Changer le mal en bien, la mort en vie, c’est le dessein de Dieu pour l’humanité, comme semblent l’affirmer les deux mouvements superposés et en sens contraires de la spirale double de ce cruficix : de la périphérie du monde au cœur du Christ, puis du cœur transpercé jusqu’aux confins de tout l’univers.
Le visage du Christ
Ce Christ sculpté par Yvonne Argand ne se soucie pas d’académisme, ne s’impose ni par une beauté formelle, ni par des effets spéciaux, ni par des attributs de toute-puissance. Il révèle le visage d’un Dieu qui n’est pas le “Tout-Puissant” que nous nous forgeons, le Tout Puissant qui agirait au-dessus de nous et sans nous. Sa toute puissance est celle du Père, celle du Frère qui respecte notre liberté, nos lenteurs à comprendre, à croire…
Dans un visage grave, interrogateur, intense, ses yeux immenses se posent sur nous comme ils se sont posés sur le jeune homme riche, sur Pierre, sur la foule …

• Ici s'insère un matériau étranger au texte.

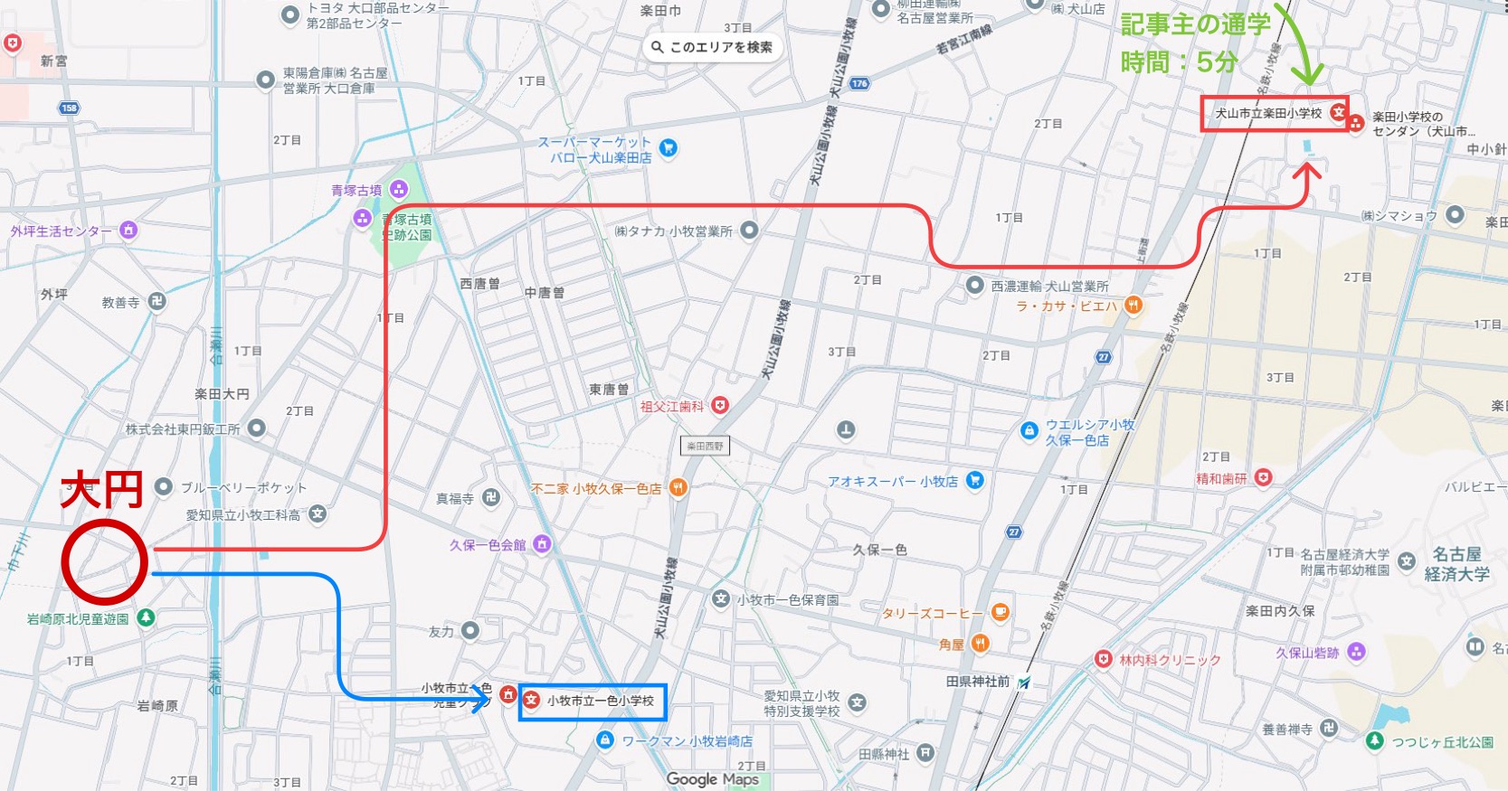 続けて、大正五年の調査図の西端の亀塚について検討します。この集落は大円(だいえん)といって、楽田村の西の端にあります。記事主は前からこの集落が気になっていました。というのはここから徒歩で小学校まで通う同級もいたからです。

Au cœur de la spirale, comme au cœur du monde, sa silhouette frêle, émaciée, retient notre regard et notre attention. Elle évoque la figure du serviteur souffrant :
“La multitude avait été consternée en le voyant, car il était si défiguré qu’il ne ressemblait plus à un homme ; il n’avait plus l’apparence d’un fils d’homme… Il était sans apparence ni beauté pour attirer nos regards, son aspect n’avait rien pour nous plaire. Méprisé, abandonné des hommes, homme de douleurs, familier de la souffrance, il était pareil à celui devant qui on se voile la face ; et nous l’avons méprisé, compté pour rien. En fait, c’étaient nos souffrances qu’il portait, nos douleurs dont il était chargé. Et nous, nous pensions qu’il était frappé, meurtri par Dieu, humilié. Or, c’est à cause de nos révoltes qu’il a été transpercé… Le châtiment qui nous donne la paix a pesé sur lui : par ses blessures, nous sommes guéris.” (Is 52-53)

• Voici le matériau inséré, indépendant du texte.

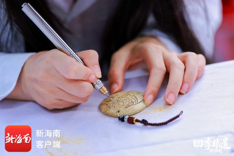 “四季非遗购物月”设椰雕体验环节。主办方供图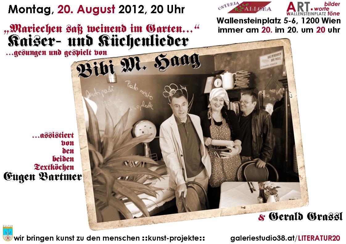 "Mariechen saß weinend im Garten" - Kaiser- und Küchenlieder…gesungen und gespielt von Bibi M. HAAG …assistiert von den beiden Textköchen Eugen BARTMER und Gerald GRASSL PLATZRESERVIERUNG wird empfohlen. Pay as you can.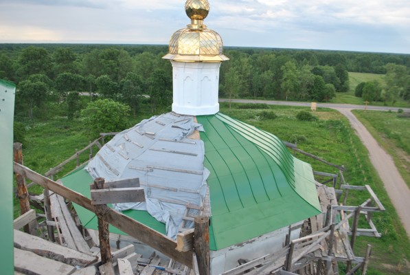 Сейчас купол храма укрыт железным плащом более чем наполовину. К очередному выезду в Заклюку 8 — 9 июля купол обретет свой законченный первозданный вид.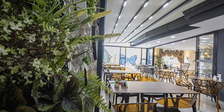 Günlük kahvaltı yöresel lezzetlerle açık büfe olarak servis edilmektedir. Otelde ayrıca geleneksel ve dünya mutfaklarından yemekler sunan bir A la Carte restorant ve oda servisi bulunmaktadır. Tesiste ücretli olarak çamaşırhane ve ütü servisi hizmeti de vardır. Tesisimiz 7/24 güvenlik kamerası ile izlenmekte olup ayrıca 24 saat açık resepsiyon mevcuttur. Hızlı C/in ve C/out işlemlerinizi saat fark etmeksizin tesisimiz de yapabilirsiniz.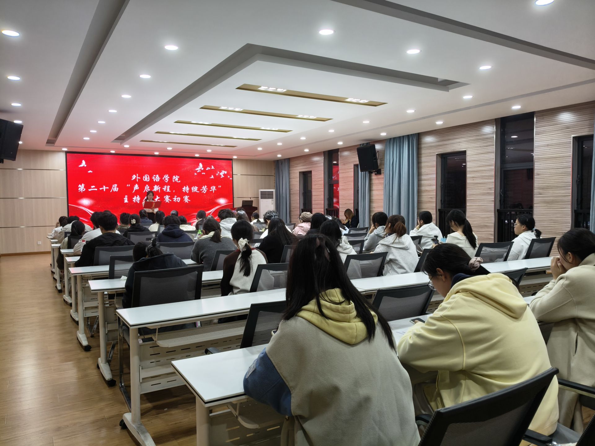 10月22日,8818www威尼斯第二十届“声启新程,持绽芳华”主持人大赛初赛于逸夫楼5306教室顺利拉开帷幕。本次比赛旨在丰富校园文化生活,发掘与培养学生主持人才,展现外院学子的卓越风采。马进、曹媛媛两位老师受邀担任比赛评委。

Ce sont nos souffrances que portent les bras presque squelettiques de ce Christ. Ce sont nos douleurs dont il s’est chargé. Nos douleurs et nos souffrances sont les siennes. C’est ce qui nous le rend si proche.
Conclusion
Ce Christ en déconcerte certains, car sa beauté n’est pas évidente, mais il en attire beaucoup d’autres qui se laissent peu à peu toucher par le mystère qu’il révèle. Pour le Père Couturier « tout artiste vrai est un inspiré » capable de faire résonner les Écritures avec justesse, pour nous faire entrer dans un au-delà qui nous bouleverse. C’est tout l’art de l’artiste qui travaille avec son talent mais aussi avec ses connaissances, ses entrailles, son cœur, sa foi. Son œuvre est unique. Une fois qu’il l’a « livrée », l’artiste s’efface devant le rayonnement et la capacité de suggestion de sa création qui ne lui appartient plus.
Ce Christ pascal de l’église Saint-Antoine nous révèle Celui qui transforme toute haine en amour rayonnant. Il est une représentation permanente au dessus de l’autel de l’anamnèse prononcée en fin de prière eucharistique :
« Gloire à toi qui étais mort
Gloire à toi qui es ressuscité.
Viens Seigneur Jésus »
Catherine de Salaberry, mars 2021
[1] Espace de gloire : espace ouvert, symbolique, situé derrière l’autel. Il signifie que l’espace liturgique n’est pas clos sur lui-même mais ouvert à Celui qui est le Tout-Autre et dont nous attendons la venue : « Maranatha, Viens Seigneur Jésus ».
[2] Art sacré et modernité en France : le rôle du P. Marie-Alain Couturier (opedition.org) https://journals.openedition.org/rhr/7567
[3] Mandorle : forme elliptique qui entoure totalement la figure du Christ et qui symbolise le rayonnement de sa gloire
[4] Dictionnaire des Symboles Bouquins Robert Laffont/Jupiter 1982
[5] Pré-figure, figure : personnage du premier Testament dont la personne, la vie, les enseignements annoncent Jésus-Christ.